Naczelny Sąd Administracyjny oddalił skargę kasacyjną spółki, która uważała, że przestał ją obciążać podatek od nieruchomości.
W sprawie chodziło o ponad 200 tys. zł tego podatku. W kwietniu 2016 r. prezydent miasta określił go spółce z o.o. Wskazał, że spółka pomimo wezwań nie złożyła deklaracji DN-1 za 2015 r., co spowodowało konieczność wszczęcia postępowania podatkowego.
Czytaj także: Nowy podatek od nieruchomości. Kiedy ma znaczenie wartość budynku
Spółka uważała jednak, że to nie ona powinna regulować daninę. W marcu 2014 r. sąd rejonowy – w toku komorniczej egzekucji świadczeń pieniężnych – postanowił odjąć jej zarząd nad nieruchomością i przekazać go innej firmie.
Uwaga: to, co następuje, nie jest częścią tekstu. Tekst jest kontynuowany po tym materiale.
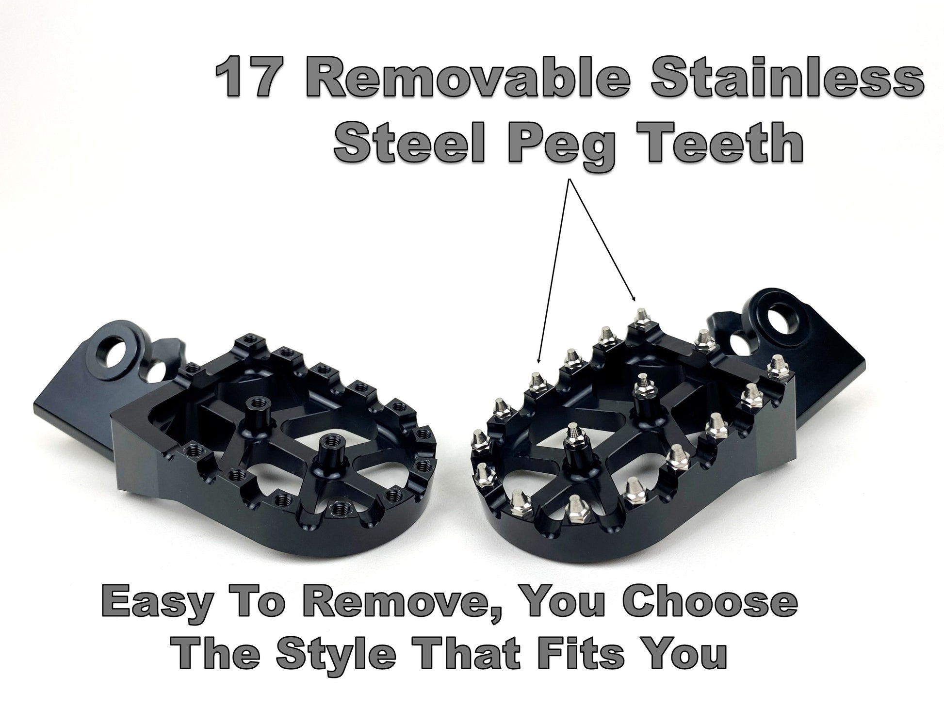 · Foot pegs come with 39 REMOVEABLE stainless steel cleats. You can leave them in if you’re wanting more traction and that off road look or you can remove them for a smoother look and feel on your feet.

Zdaniem spółki od tego czasu w myśl art. 935 kodeksu postępowania cywilnego to zarządca zajętej nieruchomości jest obowiązany wykonywać czynności potrzebne do prowadzenia prawidłowej gospodarki, m.in. zadeklarować kwotę podatku od nieruchomości.
Te tłumaczenia nie przekonały urzędników. Stwierdzili, że ustanowienie zarządcy nie wpływa na stan własnościowy nieruchomości. A to skutkuje co do zasady trwaniem obowiązku podatkowego właściciela. W tej sytuacji zdaniem urzędników decyzja prawidłowo została skierowana do właściciela, a zarządca otrzymał ją jedynie do wiadomości.